An apparatus configured to provide just-in-time synonym handling, and related systems, methods, and computer-readable media, are disclosed. The apparatus includes a first cache comprising a translation lookaside buffer (TLB) and a hit/miss block. The first cache is configured to form a miss request associated with an access to the first cache and provide the miss request to a second cache. The miss request comprises a physical address provided by the TLB and miss information provided by the hit/miss block. The first cache is further configured to receive, from the second cache, previously-stored metadata associated with an entry in the second cache. The entry in the second cache is associated with the miss request. The first cache may further include a synonym detection block, which is configured to identify a cache line in the first cache for invalidation based on the previously-stored metadata received from the second cache

Description

    BACKGROUND I. Field of the Disclosure
  • The technology of the disclosure relates generally to synonym handling in cache memories, and specifically to just-in-time synonym handling for a virtually-tagged cache memory.
  • II. Background
  • Microprocessors may conventionally include cache memories (for instructions, data, or both) in order to provide relatively low-latency storage (relative to a main memory coupled to the microprocessor) for information that may be used frequently during processing operations. Such caches may be implemented in multiple levels, having differing relative access latencies and storage capacities (for example, L0, L1, L2, and L3 caches, in some conventional designs). In order to more efficiently use the storage capacity of a cache, the cache may be addressed (tagged) by virtual address, rather than by physical address. This means that the processor may perform a lookup in such a cache directly with an untranslated virtual address (instead of first performing a lookup of the virtual address in a translation lookaside buffer, or TLB, for example, to determine a physical address), and thus, cache lookups may be relatively lower latency where implemented by virtual address (since the TLB lookup is not part of the access path).
  • However, if virtual addresses are used as tags for the cache, the possibility arises that two different virtual addresses that nevertheless translate to the same physical address may be stored in the cache at the same time. Such multiple copies are referred to as aliases or synonyms, and their presence can degrade cache performance. In the case of read performance from the cache, the presence of synonyms can degrade performance by taking up extra cache lines that could otherwise be used to store virtual addresses that translate to unique physical addresses, which means that less useful data can be stored in the cache at any time. In the case of write performance to the cache, the presence of synonyms can degrade performance by causing undesirable behavior or errors. If the writes to the different virtual addresses (but which point to the same physical address) are not tracked properly, the state of a program being executed on the processor may become indeterminate, since one virtual address expects the previous data to be stored at that physical location when performing a read, while a write to a second virtual address pointing to the same physical address has changed the underlying data.

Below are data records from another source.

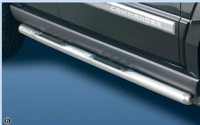
⑥ Side bar 60mm with Step and Profil Flankenschutzrohr 60mm mit Auftritt und Antirutschprofil Stainless steel / Edelstahl 11D 4251
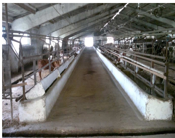
Рисунок 2 – Интерьер старого коровника используемого для содержания телок

Новые корпуса для коров связаны между собой проходом, который ведет к доильному цеху. В каждом новом коровнике (рисунок 3) расположены четыре секции для отдельного содержания животных различных физиологических стадий. В секциях размещены индивидуальные боксы рядами по центру (50 боксов в одном ряду),
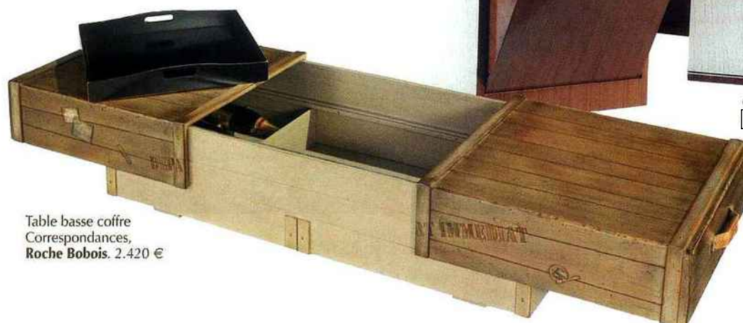
Table basse coffre Correspondances, Roche Bobois . 2.420 €
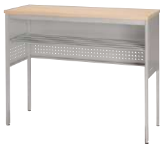
■ S-OJ-980A-D-H-A W1,200 記載台ハイタイプ ¥ 117,000 W1,200・D450・H950 天板：メラミン化粧板 本体：スチール・粉体塗装
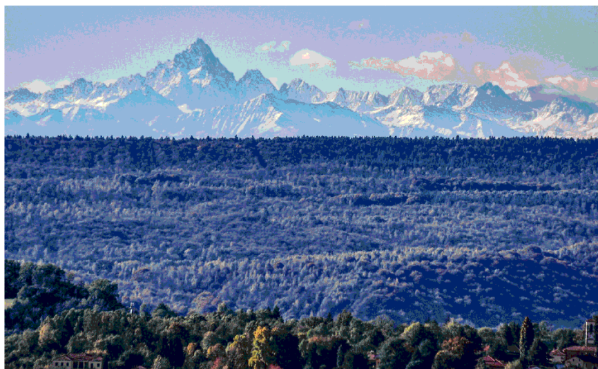
IL MONVISO VISTO DALLA BURCINA
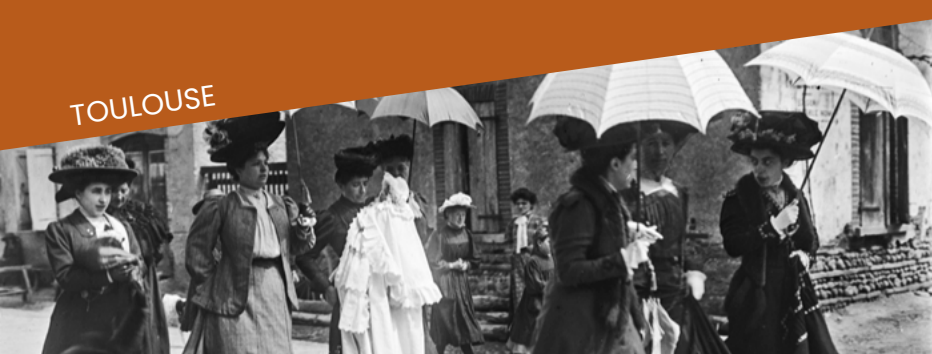
Dans une rue de La Bastide-de-Besplas (Ariège), en avril 1909 : groupe de femmes, réunion de famille à l'occasion d'un baptême, ADHG, 90 Fi 253

  • Both hardware and software solutions exist which can mitigate the problems described above with synonyms in caches. However, implementations of those solutions impose costs in terms of hardware area and complexity, software overhead, or both, which may be undesirable or unworkable in particular designs. Thus, it would be desirable to implement a cache design that reduces the frequency at which synonyms occur.
  • SUMMARY OF THE DISCLOSURE
  • Aspects disclosed in the detailed description include a cache configured to provide just-in-time synonym handling, and related apparatuses, systems, methods, and computer-readable media.

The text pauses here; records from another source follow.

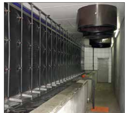
MagixX-P – la eficiente salida de lavado de aire

La reducción de emisiones de las instalaciones de producción ganadera se están volviendo más y más importantes. Con MagixX-P, Big Dutchman puede ofrecer a sus clientes una salida de lavado de aire altamente eficaz.
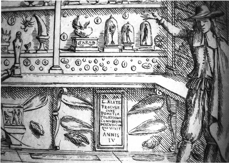
Abb. 3: Ausschnitt aus Museo Cospiano (aus Legati 1677).

ser. Jedenfalls ist noch nicht von Textilien die Rede, im Gegensatz zum folgenden Beispiel.
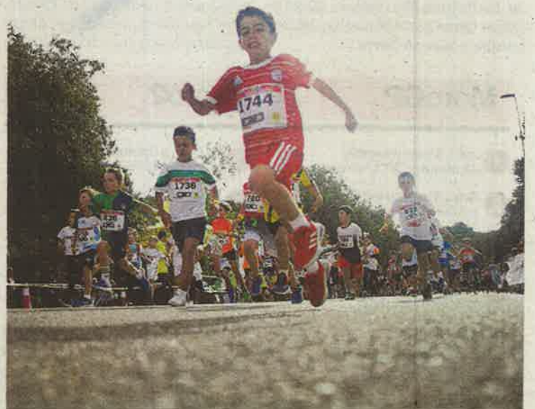
Imagen de una de las carreras disputadas ayer.

por Alcampo y el club de atletismo Alcampo-Scorpio71, con el apoyo del Gobierno de Aragón, Ayuntamiento de Zaragoza y Cronomena, y bajo control del Comité de Jueces de la Federación Aragonesa de Atletismo. El Colegio Nuestra Señora del Carmen logró el premio de 400 euros en material deportivo, al introducir en meta 103 participantes. Por otro lado, el club de atletismo Alcampo-Scorpio71 ganó el trofeo en la clasificación por puntos. ≡

  • In this regard in one aspect, an apparatus includes a first cache comprising a translation lookaside buffer (TLB) and a hit/miss block. The first cache is configured to form a miss request associated with an access to the first cache and provide the miss request to a second cache. The miss request comprises a physical address provided by, the TLB and miss information provided by the hit/miss block. The first cache is further configured to receive, from the second cache, previously-stored metadata associated with an entry in the second cache. The entry in the second cache is associated with the miss request.

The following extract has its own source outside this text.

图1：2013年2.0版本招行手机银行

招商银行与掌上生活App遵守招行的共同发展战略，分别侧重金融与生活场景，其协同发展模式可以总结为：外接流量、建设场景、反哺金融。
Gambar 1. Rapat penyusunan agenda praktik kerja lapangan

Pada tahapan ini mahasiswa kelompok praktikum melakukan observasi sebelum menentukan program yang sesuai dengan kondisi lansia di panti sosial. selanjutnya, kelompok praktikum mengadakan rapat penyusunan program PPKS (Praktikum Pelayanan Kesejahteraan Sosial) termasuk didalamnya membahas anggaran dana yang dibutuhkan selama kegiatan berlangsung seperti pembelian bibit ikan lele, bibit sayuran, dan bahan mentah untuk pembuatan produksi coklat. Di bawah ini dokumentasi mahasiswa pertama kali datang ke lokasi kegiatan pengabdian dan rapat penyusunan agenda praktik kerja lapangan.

  • In another aspect an apparatus includes first means for caching, which comprises means for address translation and means for miss determination. The first means for caching is configured to form a miss request associated with an access to the first means for caching and provide the miss request to a second means for caching. The miss request comprises a physical address provided by the means for address translation and miss information provided by the means for miss determination. The first means for caching is further configured to receive, from the second means for caching, previously-stored metadata associated with an entry in the second means for caching. The entry in the second means for caching is associated with the miss request.
  • In yet another aspect a method includes providing a miss request, associated with an access to a first cache, to a second cache. The method further includes receiving previously-stored metadata associated with the entry identified in a second cache as being associated with the miss request at the first cache, in response to the miss request.
  • In yet another aspect, a non-transitory computer-readable medium stores computer executable instructions which, when executed by a processor, cause the processor to provide a miss request, associated with an access to a first cache, to a second cache. The instructions further cause the processor to receive previously-stored metadata associated with the entry identified in a second cache as being associated with the miss request at the first cache in response to the miss request.
  • BRIEF DESCRIPTION OF THE FIGURES
  • FIG. 1 is a block diagram of an exemplary processor including a cache design configured to reduce the frequency of synonyms in the first-level cache;
  • FIG. 2 is a detailed block diagram of exemplary first-level and second-level caches configured to use synonym information to reduce the frequency of synonyms in the first-level cache;
  • FIG. 3a is a block diagram illustrating an exemplary miss request sent from a first-level cache to a second-level cache and including synonym information according to one aspect;
  • FIG. 3b is a block diagram illustrating an exemplary second level cache line that includes first-level cache synonym information, according to one aspect;
  • FIG. 4 is a flowchart illustrating a method of reducing the frequency of the occurrence of synonyms in a first-level cache; and
  • FIG. 5 is a block diagram of an exemplary processor-based system configured to reduce the frequency of synonyms in a first-level cache.
  • DETAILED DESCRIPTION
  • With reference now to the drawing figures, several exemplary aspects of the present disclosure are described. The word “exemplary” is used herein to mean “serving as an example, instance, or illustration.” Any aspect described herein as “exemplary” is not necessarily to be construed as preferred or advantageous over other aspects.
  • Aspects disclosed in the detailed description include a cache configured to provide just-in-time synonym handling, and related apparatuses, systems, methods, and computer-readable media.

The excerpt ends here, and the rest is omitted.